▶ [Try it] Take the entries below and print only the lines from the one with "Длина футболки по" through the one with "为有效推进罗武庄乡民族手工艺", exactly as they stand, both ends included.

▶ [Data supplied]
◇ ◇ ◇

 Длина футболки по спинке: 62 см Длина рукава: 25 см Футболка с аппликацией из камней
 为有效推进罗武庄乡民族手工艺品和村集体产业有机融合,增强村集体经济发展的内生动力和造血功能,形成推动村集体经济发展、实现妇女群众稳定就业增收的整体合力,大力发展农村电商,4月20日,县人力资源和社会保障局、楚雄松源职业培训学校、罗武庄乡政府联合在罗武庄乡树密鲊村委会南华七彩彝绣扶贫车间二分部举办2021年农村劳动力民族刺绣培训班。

◇ ◇ ◇

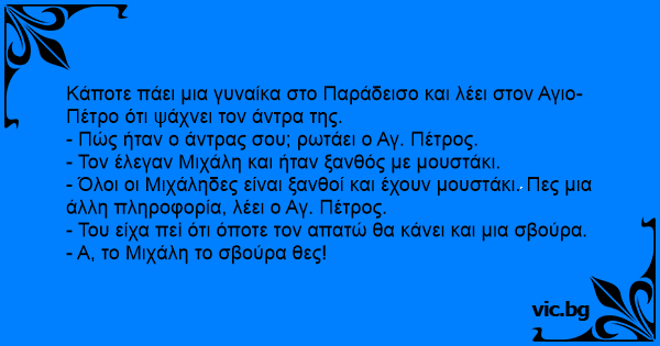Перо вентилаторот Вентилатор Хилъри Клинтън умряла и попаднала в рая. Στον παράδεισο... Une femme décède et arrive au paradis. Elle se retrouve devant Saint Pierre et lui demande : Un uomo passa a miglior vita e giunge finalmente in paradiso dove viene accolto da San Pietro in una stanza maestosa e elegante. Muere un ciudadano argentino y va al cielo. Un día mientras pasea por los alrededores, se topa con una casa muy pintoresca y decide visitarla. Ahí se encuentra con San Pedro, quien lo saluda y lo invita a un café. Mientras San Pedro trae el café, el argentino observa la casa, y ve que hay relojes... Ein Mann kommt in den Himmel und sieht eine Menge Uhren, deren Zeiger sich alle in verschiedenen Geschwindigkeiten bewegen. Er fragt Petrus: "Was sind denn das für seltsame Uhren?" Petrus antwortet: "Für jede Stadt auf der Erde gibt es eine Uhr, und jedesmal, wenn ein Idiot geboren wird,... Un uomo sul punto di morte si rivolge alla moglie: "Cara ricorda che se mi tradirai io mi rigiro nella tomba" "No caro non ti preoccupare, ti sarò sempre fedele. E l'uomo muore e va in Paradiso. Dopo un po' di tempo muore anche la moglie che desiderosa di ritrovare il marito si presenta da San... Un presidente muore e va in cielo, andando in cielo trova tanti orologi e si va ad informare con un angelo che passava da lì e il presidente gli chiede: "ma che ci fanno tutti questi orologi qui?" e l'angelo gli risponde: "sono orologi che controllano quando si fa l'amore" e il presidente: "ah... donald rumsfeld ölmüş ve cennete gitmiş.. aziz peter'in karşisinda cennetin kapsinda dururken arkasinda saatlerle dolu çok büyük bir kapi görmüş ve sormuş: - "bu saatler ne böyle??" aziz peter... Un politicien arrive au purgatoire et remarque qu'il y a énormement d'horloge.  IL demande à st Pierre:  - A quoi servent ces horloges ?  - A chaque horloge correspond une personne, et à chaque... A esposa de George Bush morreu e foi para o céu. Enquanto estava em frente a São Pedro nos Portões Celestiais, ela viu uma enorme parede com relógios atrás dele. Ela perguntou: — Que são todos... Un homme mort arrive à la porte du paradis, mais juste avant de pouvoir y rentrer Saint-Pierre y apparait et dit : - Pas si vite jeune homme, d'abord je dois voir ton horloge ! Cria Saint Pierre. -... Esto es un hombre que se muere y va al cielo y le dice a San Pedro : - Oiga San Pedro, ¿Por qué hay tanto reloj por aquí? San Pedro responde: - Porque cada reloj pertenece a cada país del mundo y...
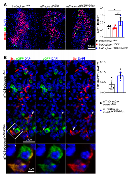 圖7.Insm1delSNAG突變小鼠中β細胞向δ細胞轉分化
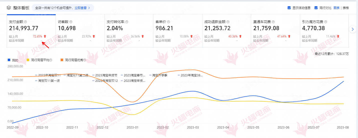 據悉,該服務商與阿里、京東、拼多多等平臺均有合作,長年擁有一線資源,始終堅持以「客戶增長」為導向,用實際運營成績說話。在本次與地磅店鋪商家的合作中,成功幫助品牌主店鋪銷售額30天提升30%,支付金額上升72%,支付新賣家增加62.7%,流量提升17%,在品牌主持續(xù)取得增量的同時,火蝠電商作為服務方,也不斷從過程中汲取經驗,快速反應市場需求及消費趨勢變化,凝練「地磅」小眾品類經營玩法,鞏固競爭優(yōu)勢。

◇ ◇ ◇

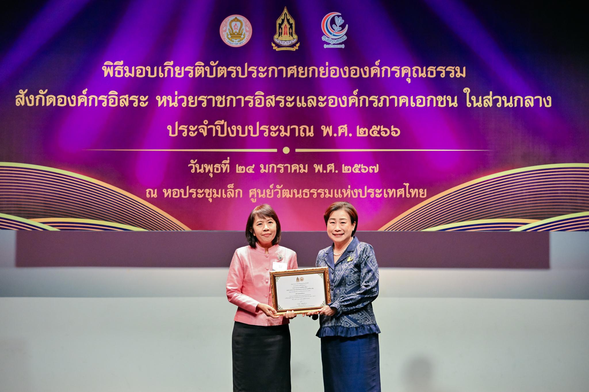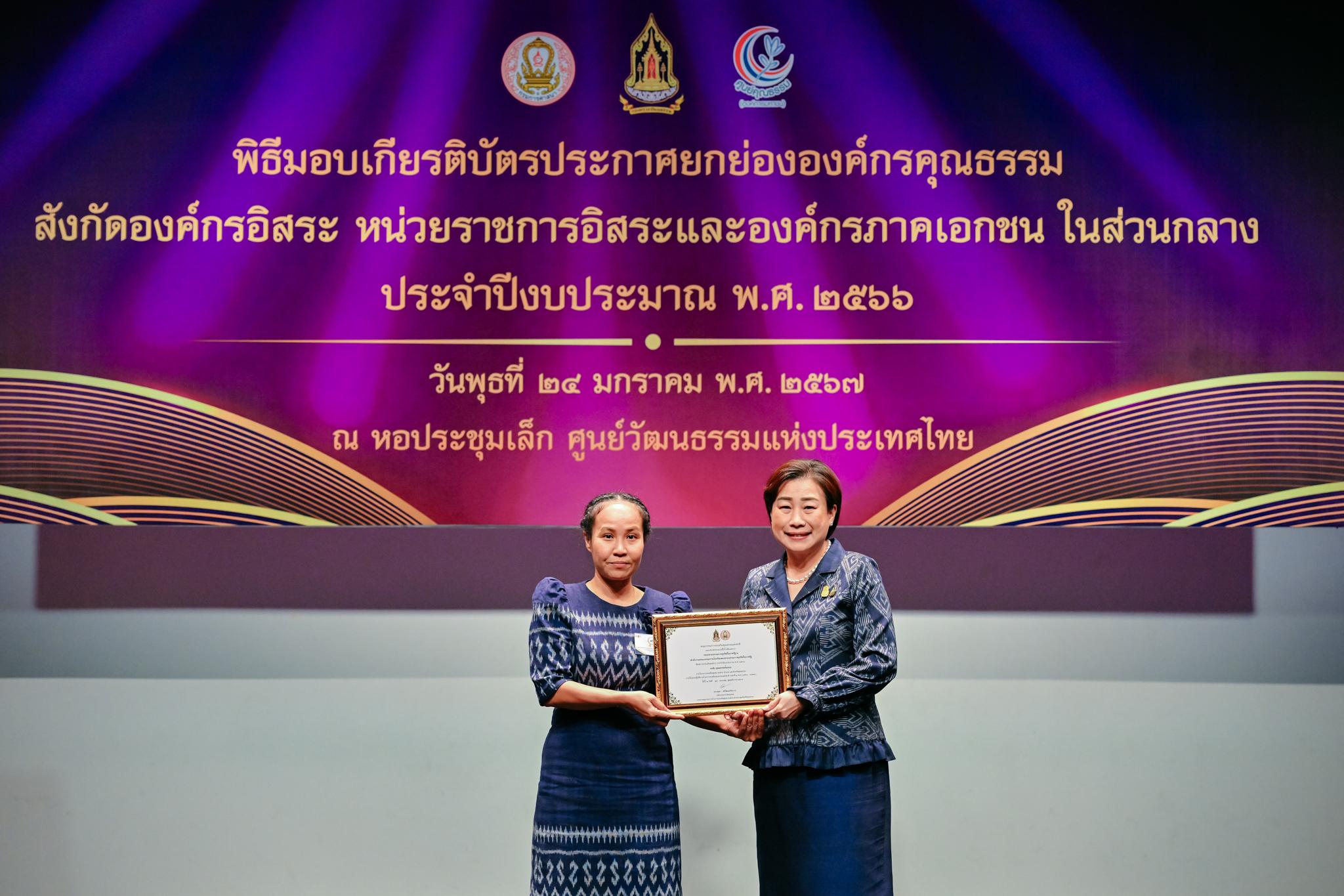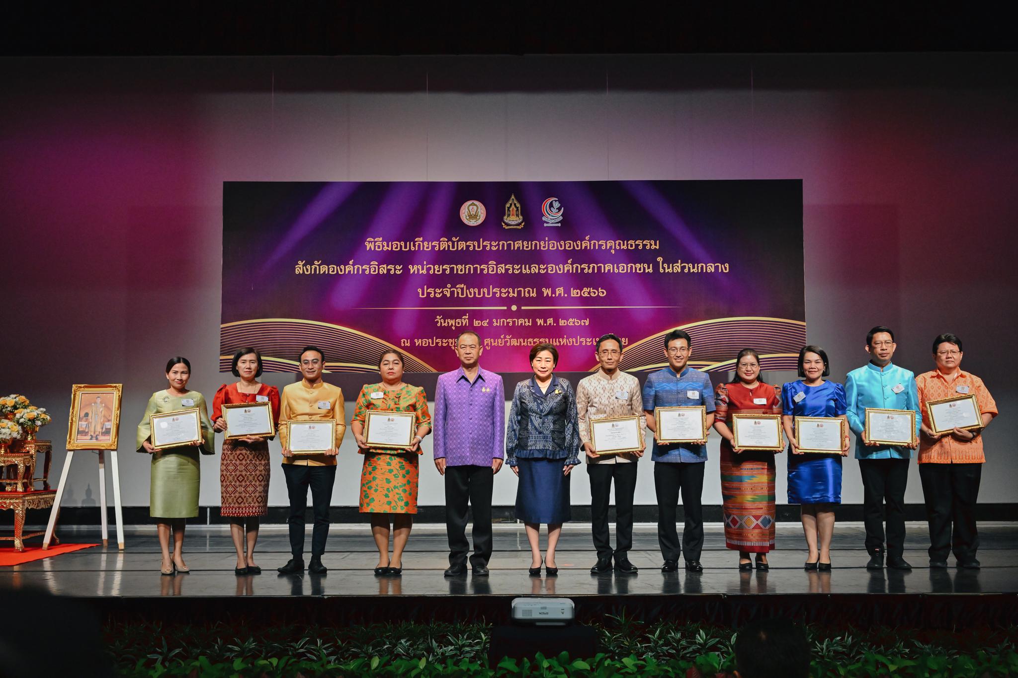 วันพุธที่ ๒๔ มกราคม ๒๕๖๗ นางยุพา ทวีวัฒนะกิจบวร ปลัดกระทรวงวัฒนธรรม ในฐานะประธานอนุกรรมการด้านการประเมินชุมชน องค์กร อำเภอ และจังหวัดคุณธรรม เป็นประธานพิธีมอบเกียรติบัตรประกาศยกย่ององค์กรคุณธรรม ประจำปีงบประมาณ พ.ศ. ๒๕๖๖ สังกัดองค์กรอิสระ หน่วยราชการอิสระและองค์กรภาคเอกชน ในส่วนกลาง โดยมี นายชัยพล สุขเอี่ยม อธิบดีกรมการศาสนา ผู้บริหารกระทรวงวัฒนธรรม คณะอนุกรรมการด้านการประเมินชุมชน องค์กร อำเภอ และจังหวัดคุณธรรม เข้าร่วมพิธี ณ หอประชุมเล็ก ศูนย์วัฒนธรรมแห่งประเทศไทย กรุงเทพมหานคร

◇ ◇ ◇

▶ [Answer section]
 Длина футболки по спинке: 62 см Длина рукава: 25 см Футболка с аппликацией из камней
 为有效推进罗武庄乡民族手工艺品和村集体产业有机融合,增强村集体经济发展的内生动力和造血功能,形成推动村集体经济发展、实现妇女群众稳定就业增收的整体合力,大力发展农村电商,4月20日,县人力资源和社会保障局、楚雄松源职业培训学校、罗武庄乡政府联合在罗武庄乡树密鲊村委会南华七彩彝绣扶贫车间二分部举办2021年农村劳动力民族刺绣培训班。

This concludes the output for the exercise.